Arcuri: "No" to healthcare bill; possible vote Sunday

WASHINGTON, D.C. (WKTV) - Congressman Michael Arcuri has told the Democratic Caucus that he will vote "no" on the Senate version of the Healthcare Reform bill, which he believed would be voted upon on Sunday.

Telling the caucus no Thursday re-affirms what Arcuri has been telling media outlets all week - that he is not in support of the healthcare bill in its current state.

“I have made my decision," Arcuri said. "I cannot support the health care package that is likely to be voted on later this week. There is no question we must fix our nation’s broken health care system. I supported a health care bill last year that controlled costs for those with insurance and made insurance affordable for those without it. The health care package expected to be voted on in the coming days doesn’t do enough to keep health care costs in check."

In response to Michael Arcuri's announcement that he will vote no on the health-care bill, Republican Congressional Candidate Richard Hanna said:

"I am pleased that after months of inexplicable waffling, he has finally decided to listen to his constituents, who are overwhelmingly against this bill -- as they should be," Richard Hanna said. "It is unfortunate that it's taken an election year for him to vote the way he should. We should all be asking what Mr. Arcuri's core principles are."

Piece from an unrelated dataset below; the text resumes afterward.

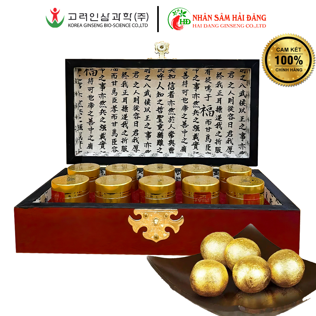 Quy Cách: hộp gỗ 10 viênXuất Xứ: Hàn QuốcThành Phần:Chiết xuất: Nhân sâm 112mg, Cam thảo 225mg, Sơn dược 322mg, Da cừu 79mg, Đương quy 71mg, Quả mơ 72mg, Mẫu đơn trắng 72mg, Mạch môn 72mg, Hoàng cầ...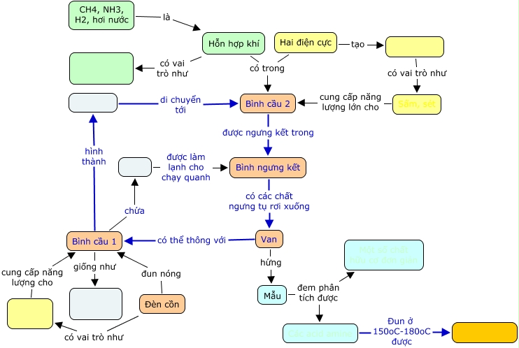 This Concept Map, created with IHMC CmapTools, has information related to: b2, Van có thể thông với Bình cầu 1, Mẫu đem phân tích được Các acid amine, Bình ngưng kết có các chất ngưng tụ rơi xuống Van, tia lửa điện có vai trò như Sấm, sét, Đèn cồn có vai trò như Núi lửa, mặt trời, Mẫu đem phân tích được Một số chất hữu cơ đơn giản, Hai điện cực tạo tia lửa điện, Đèn cồn đun nóng Bình cầu 1, Hỗn hợp khí có vai trò như Khí quyển nguyên thủy, Các acid amine Đun ở 150oC-180oC được Protein nhiệt, CH4, NH3, H2, hơi nước là Hỗn hợp khí, Van hứng Mẫu, Sấm, sét cung cấp năng lượng lớn cho Bình cầu 2, Hai điện cực có trong Bình cầu 2, Hơi nước di chuyển tới Bình cầu 2, Bình cầu 1 giống như Biển, đại dương, Hỗn hợp khí có trong Bình cầu 2, Bình cầu 2 được ngưng kết trong Bình ngưng kết, Núi lửa, mặt trời cung cấp năng lượng cho Bình cầu 1, Bình cầu 1 hình thành Hơi nước

“I didn’t come to this decision lightly," Arcuri said. "In the last few weeks, I have received tens of thousands of phone calls, faxes and emails from families and senior citizens - all telling me how they feel about health care reform. I’ve spoken with hundreds of people in grocery stores, at community events, and at my Congressional offices. I have talked to small business owners from Herkimer to Geneva who desperately needs health care reform but, uniformly, they tell me this new proposal will hurt them and their employees across the board. I’ve listened to my constituents and have heard their concerns clearly.

Earlier in the week, Arcuri spokesperson Mark Cornell has said that Arcuri would be open to the bill if changes were to be made. On Thursday, though, Arcuri said he was not convinced that enough changes could be made to the Senate bill to meet the needs of his district's people.

“My opposition to this health care reform package is based on three items that I feel are essential if we hope to make insurance affordable for those who don’t have it and lower costs for those who do have it."

Arcuri described those items as follows:

*Doesn’t allow Medicare to negotiate drug prices.
*Doesn’t remove the anti-trust exemption for insurance companies;
*Includes an excise tax on high-quality health insurance plans (i.e. Cadillac Plans).

“I am not convinced that after months of listening, studying and debating that the current bill benefits the people in my district in the best possible way, and that's why I cannot support it.”

Cornell said the Congressman also believed that the House plan was a deficit reducer, while he can't say the same for the Senate bill. Cornell said that when the Congressman voted for the original House bill, he didn't like everything about the plan, but that his likes outweighed his dislikes.

Cornell said the opposite is true with the Senate bill.

House leaders plan a tentative Sunday vote on the bill.